### THE TASK
Copy exactly, and copy nothing else: the line that contains "De acuerdo con" and all lines after it in the listing, without pictures.

SUPPLIED MATERIAL Block Start

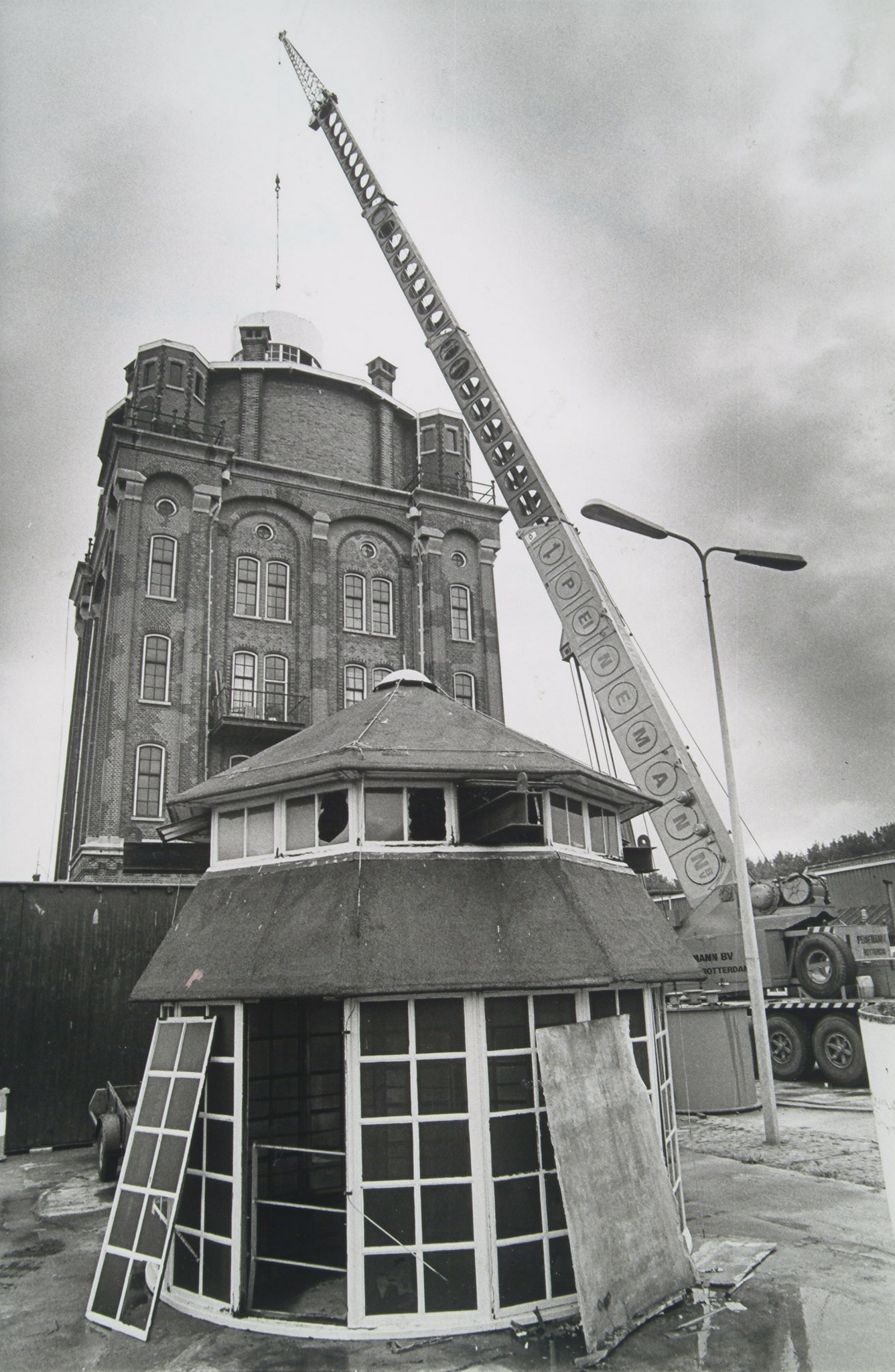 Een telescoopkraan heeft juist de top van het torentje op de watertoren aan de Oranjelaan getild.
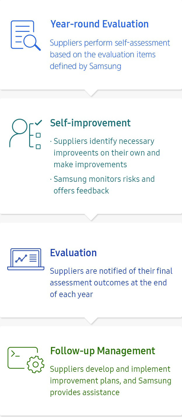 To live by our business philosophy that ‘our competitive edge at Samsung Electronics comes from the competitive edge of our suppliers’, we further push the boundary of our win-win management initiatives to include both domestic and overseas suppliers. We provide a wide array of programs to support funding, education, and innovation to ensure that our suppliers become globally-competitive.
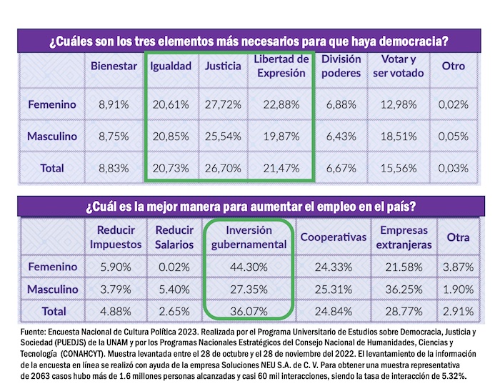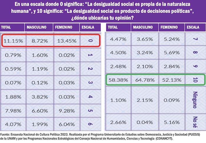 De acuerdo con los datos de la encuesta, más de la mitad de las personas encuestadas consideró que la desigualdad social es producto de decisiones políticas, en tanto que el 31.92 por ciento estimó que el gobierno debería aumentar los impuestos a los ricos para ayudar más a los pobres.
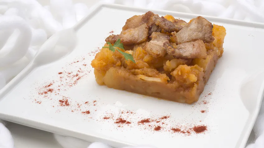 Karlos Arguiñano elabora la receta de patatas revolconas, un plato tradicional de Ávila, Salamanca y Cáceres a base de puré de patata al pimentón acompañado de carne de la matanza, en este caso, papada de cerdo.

SUPPLIED MATERIAL Block End

### TASK SOLUTION
 De acuerdo con los datos de la encuesta, más de la mitad de las personas encuestadas consideró que la desigualdad social es producto de decisiones políticas, en tanto que el 31.92 por ciento estimó que el gobierno debería aumentar los impuestos a los ricos para ayudar más a los pobres.
 Karlos Arguiñano elabora la receta de patatas revolconas, un plato tradicional de Ávila, Salamanca y Cáceres a base de puré de patata al pimentón acompañado de carne de la matanza, en este caso, papada de cerdo.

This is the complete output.